What About Now for M&A?
2018: A Great Time to Buy or Sell in the Middle Market
2018 is a great time to be a buyer or seller in the middle market. In the first half of 2018, private equity firms completed nearly 1,400 middle market deals with a value totaling $178 billion, beating 2017’s first half performance. As oil prices have stabilized and companies have found creative ways to control costs, we are seeing greater momentum in the economy. Better cost controls should offset the negative impacts of new tariffs, which will eventually increase the cost of doing business in certain sectors of the market.
However, we have seen steady-to-strong growth in the economy for the past six to eight years—this can’t last forever, right? Are we heading for another recession, and if so, when will it hit? Will rising interest rates do anything to slow down M&A and private equity activity? Our belief is that we are in the late stages of a strong economic cycle, so as a business owner or an investor, if you are thinking of selling or buying in the near future, you should be concerned about when—not if—the markets will slow down.
In the near term (through 2019), the deal-making environment should remain healthy. Middle market deals are experiencing higher than normal valuations— up to 1.5x turns on EBITDA higher than historical averages—primarily due to two factors: (1) private equity firms having “dry powder” that they must invest (or risk having to return to their investors), and (2) strategic investors’ willingness to pay more to promote growth and to capitalize on synergies with target companies.

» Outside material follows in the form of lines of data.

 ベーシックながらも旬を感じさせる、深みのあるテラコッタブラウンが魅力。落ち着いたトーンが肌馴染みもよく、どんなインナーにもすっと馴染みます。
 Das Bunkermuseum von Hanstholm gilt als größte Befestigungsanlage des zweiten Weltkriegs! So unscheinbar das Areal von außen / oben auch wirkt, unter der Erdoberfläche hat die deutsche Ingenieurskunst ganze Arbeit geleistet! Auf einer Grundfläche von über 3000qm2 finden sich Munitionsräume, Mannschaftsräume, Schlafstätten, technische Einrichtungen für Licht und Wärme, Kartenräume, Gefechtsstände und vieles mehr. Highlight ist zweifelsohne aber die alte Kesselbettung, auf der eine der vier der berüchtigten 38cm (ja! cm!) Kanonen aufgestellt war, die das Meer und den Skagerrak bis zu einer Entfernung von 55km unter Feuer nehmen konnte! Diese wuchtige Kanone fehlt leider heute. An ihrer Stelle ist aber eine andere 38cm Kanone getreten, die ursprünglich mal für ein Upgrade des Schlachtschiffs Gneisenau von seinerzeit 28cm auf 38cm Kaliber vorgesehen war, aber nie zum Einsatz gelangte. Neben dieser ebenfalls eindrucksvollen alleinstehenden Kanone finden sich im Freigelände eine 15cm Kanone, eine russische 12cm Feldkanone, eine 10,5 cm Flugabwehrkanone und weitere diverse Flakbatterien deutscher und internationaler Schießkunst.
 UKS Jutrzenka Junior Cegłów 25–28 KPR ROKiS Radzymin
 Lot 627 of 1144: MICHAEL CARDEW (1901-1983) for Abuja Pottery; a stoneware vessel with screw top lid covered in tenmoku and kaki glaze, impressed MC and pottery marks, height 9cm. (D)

On the flip side, as interest rates rise, and the Fed has indicated it will continue to raise interest rates over the next 12–18 months, the cost of capital will also rise. As a result, the deal-flow for middle market M&A may slow down as private equity buyers will have less leverage to finance new acquisitions. Additionally, because private equity buyers are increasingly spending more time and energy on due diligence than strategic buyers, the time frame for closing deals coupled with the higher cost of capital could make closing deals with private equity buyers more difficult than for strategic buyers.

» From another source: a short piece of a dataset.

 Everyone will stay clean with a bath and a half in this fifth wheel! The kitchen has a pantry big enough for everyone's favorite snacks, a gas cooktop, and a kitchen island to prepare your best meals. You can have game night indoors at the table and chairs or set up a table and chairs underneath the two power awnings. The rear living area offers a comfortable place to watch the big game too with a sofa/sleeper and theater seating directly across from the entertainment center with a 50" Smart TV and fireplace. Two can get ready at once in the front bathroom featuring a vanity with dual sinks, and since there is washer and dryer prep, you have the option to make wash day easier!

Finally, the tariffs companies will be facing as a result of doing business in China in 2019 will likely cause companies in certain industries to have lower EBITDA which would lower the purchase price for deals in those industries. As purchase price decreases, getting deals closed in certain industries will be more difficult for sellers and buyers in the latter part of 2019 and beyond.

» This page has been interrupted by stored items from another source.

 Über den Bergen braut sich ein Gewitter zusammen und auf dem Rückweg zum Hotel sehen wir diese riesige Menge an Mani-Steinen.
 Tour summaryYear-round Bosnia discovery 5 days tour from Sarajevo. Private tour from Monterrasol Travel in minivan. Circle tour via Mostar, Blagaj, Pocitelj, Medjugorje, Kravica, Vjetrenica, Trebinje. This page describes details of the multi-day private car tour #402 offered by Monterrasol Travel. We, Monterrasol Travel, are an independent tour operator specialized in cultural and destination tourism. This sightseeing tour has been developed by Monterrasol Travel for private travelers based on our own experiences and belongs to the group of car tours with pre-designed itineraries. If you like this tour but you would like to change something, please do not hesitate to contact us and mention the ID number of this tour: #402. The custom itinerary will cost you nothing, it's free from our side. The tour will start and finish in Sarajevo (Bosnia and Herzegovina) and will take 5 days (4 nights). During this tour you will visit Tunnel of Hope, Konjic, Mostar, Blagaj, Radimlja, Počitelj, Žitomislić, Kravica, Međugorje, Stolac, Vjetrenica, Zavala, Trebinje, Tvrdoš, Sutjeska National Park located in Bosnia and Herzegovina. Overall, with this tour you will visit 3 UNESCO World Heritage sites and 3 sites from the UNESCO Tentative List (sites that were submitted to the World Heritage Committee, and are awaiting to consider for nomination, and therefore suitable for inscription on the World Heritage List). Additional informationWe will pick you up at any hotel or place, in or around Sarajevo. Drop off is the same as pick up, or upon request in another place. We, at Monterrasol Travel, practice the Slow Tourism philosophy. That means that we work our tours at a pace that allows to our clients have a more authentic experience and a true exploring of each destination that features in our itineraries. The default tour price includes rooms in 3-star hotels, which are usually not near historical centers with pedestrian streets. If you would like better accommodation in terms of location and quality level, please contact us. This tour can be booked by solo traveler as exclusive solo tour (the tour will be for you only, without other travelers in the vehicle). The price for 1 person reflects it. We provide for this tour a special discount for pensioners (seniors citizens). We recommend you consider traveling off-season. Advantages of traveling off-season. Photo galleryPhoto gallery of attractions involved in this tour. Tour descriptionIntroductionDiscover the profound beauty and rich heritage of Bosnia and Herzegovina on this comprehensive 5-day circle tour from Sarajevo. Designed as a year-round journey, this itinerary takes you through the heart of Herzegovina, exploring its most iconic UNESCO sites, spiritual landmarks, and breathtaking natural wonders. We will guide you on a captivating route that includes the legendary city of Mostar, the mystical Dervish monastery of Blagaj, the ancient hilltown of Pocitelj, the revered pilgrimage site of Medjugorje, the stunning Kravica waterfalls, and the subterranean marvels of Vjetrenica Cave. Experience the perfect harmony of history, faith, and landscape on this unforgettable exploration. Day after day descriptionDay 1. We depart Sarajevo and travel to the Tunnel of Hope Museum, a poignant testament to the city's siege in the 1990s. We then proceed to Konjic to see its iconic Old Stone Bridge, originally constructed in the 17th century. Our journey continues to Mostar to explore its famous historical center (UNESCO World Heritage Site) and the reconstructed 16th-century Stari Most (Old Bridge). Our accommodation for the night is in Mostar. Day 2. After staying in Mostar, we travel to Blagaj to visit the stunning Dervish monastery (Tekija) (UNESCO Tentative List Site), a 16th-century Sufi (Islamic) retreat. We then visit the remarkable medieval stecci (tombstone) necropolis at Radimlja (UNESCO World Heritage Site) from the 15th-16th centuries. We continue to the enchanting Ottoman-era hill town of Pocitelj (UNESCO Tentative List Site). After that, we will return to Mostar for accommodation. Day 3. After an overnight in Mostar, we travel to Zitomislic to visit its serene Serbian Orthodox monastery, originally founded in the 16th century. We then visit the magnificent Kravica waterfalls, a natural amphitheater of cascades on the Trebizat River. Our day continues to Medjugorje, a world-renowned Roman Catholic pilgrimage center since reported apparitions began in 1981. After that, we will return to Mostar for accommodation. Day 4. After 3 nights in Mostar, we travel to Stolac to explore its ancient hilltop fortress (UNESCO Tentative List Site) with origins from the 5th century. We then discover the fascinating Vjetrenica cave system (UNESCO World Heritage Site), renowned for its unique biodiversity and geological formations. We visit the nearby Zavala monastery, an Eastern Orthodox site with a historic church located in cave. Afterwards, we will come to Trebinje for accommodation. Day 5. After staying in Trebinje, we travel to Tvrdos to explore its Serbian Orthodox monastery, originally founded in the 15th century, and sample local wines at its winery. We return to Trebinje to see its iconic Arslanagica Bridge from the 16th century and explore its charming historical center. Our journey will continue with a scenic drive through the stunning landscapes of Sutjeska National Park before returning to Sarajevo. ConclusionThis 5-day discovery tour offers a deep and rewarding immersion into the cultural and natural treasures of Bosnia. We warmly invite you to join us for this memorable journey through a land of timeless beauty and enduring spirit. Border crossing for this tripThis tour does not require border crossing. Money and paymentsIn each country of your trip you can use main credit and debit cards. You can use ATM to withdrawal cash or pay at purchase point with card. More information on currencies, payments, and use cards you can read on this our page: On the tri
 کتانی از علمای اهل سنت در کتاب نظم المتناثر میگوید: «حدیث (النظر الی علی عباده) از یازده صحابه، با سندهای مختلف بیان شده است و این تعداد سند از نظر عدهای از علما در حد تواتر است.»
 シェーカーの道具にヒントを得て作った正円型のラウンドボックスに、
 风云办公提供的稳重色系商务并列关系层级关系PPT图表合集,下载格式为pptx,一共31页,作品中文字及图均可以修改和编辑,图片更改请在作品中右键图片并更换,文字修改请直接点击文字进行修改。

While the outlook for middle market M&A activity remains strong for the end of 2018 and 2019, business owners and investors should prepare now for a time in the not too distant future when the economy and prospects for middle market deals will be weaker. Business owners should consider that the near term may be the best time to sell. Potential buyers should likewise consider that while valuations are higher now, the ability to close on deals after 2019 may be significantly more difficult. As a result, all parties in the middle market should look to make good strategic decisions regarding M&A in the next 12–15 months.